### What to work on
Please make sure what you return matches the listing below exactly, minus its pictures.

### Dataset section

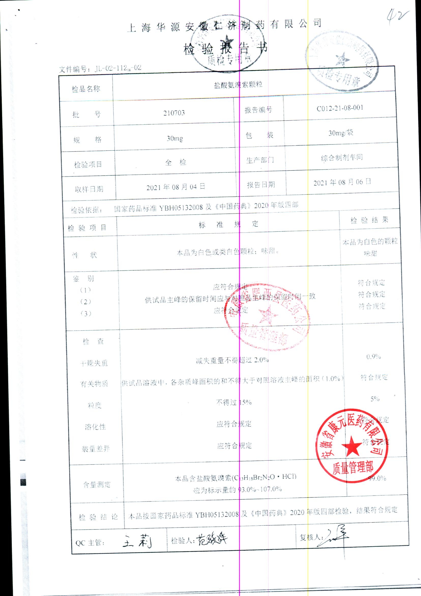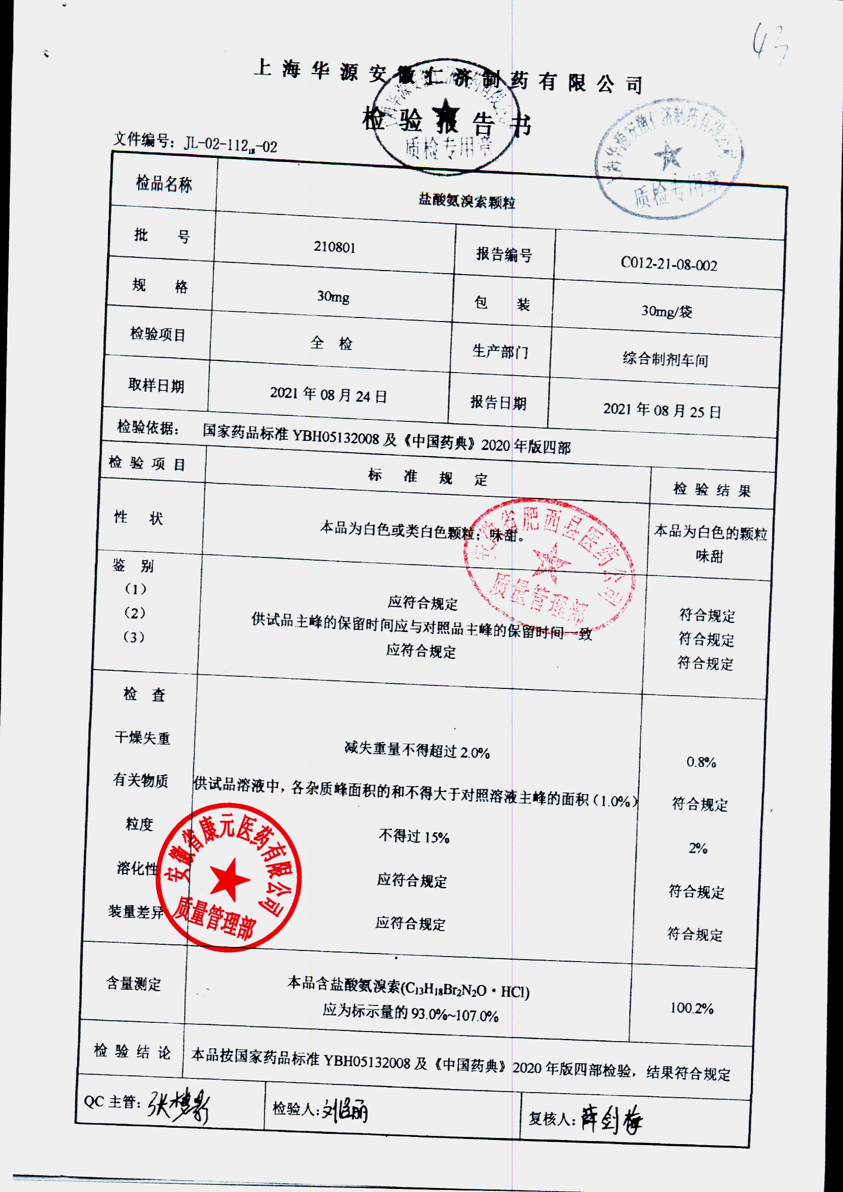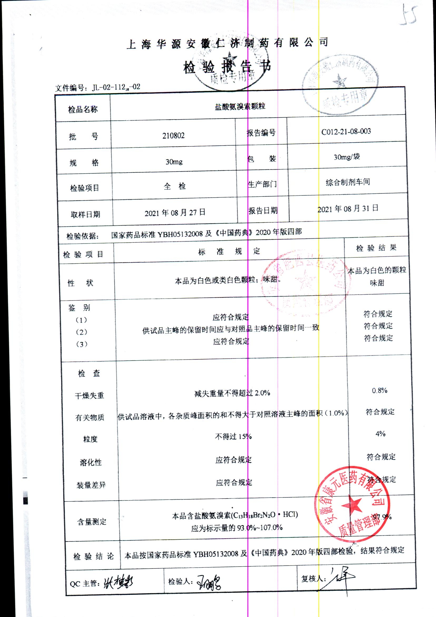 盐酸氨溴索颗粒 | 30mg*9袋 | 210801 | 查看详情 |
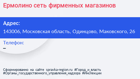 Ермолино, сеть фирменных магазинов по адресу 143006, Московская область, Одинцово, Маковского, 26 в дальнейшем Организация, размещена в следующих категориях:
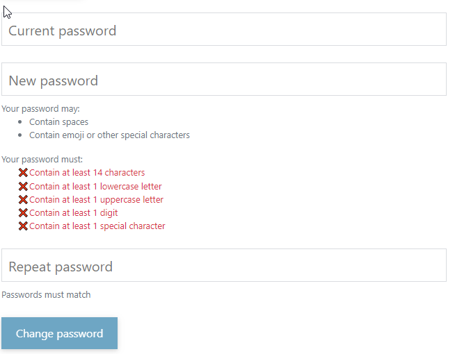 Enter a new password in the New password field. Your new password must contain at least 14 characters, 1 lowercase letter, 1 uppercase letter, 1 digit, and 1 special character.
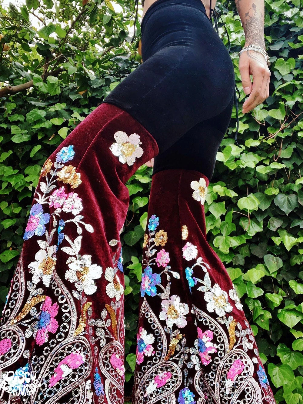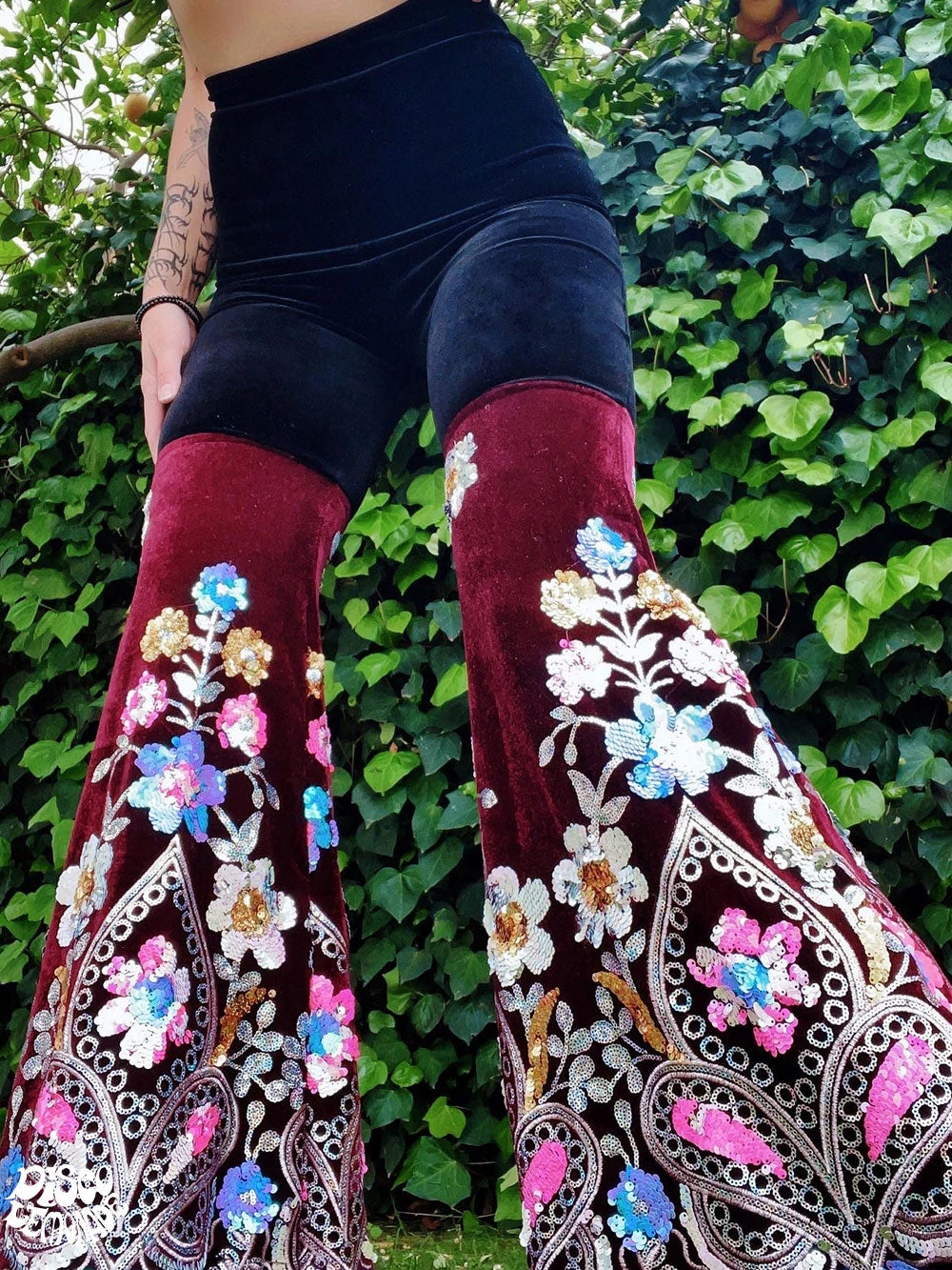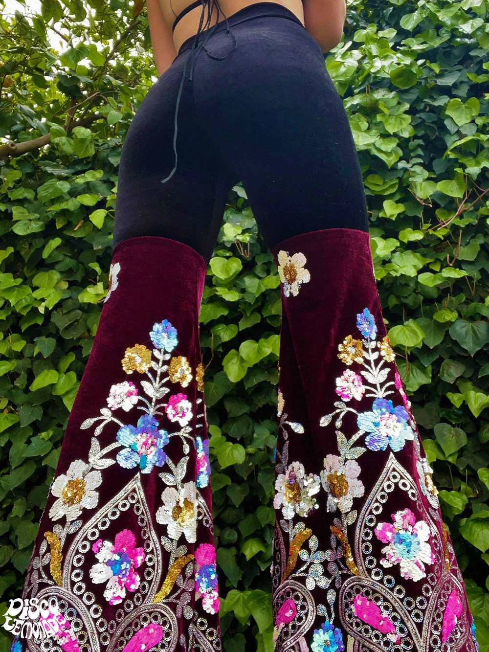 Maroon velvet bells with big beautiful sequin bell bottoms.

### Expected answer
 盐酸氨溴索颗粒 | 30mg*9袋 | 210801 | 查看详情 |
 Ермолино, сеть фирменных магазинов по адресу 143006, Московская область, Одинцово, Маковского, 26 в дальнейшем Организация, размещена в следующих категориях:
 Enter a new password in the New password field. Your new password must contain at least 14 characters, 1 lowercase letter, 1 uppercase letter, 1 digit, and 1 special character.
 Maroon velvet bells with big beautiful sequin bell bottoms.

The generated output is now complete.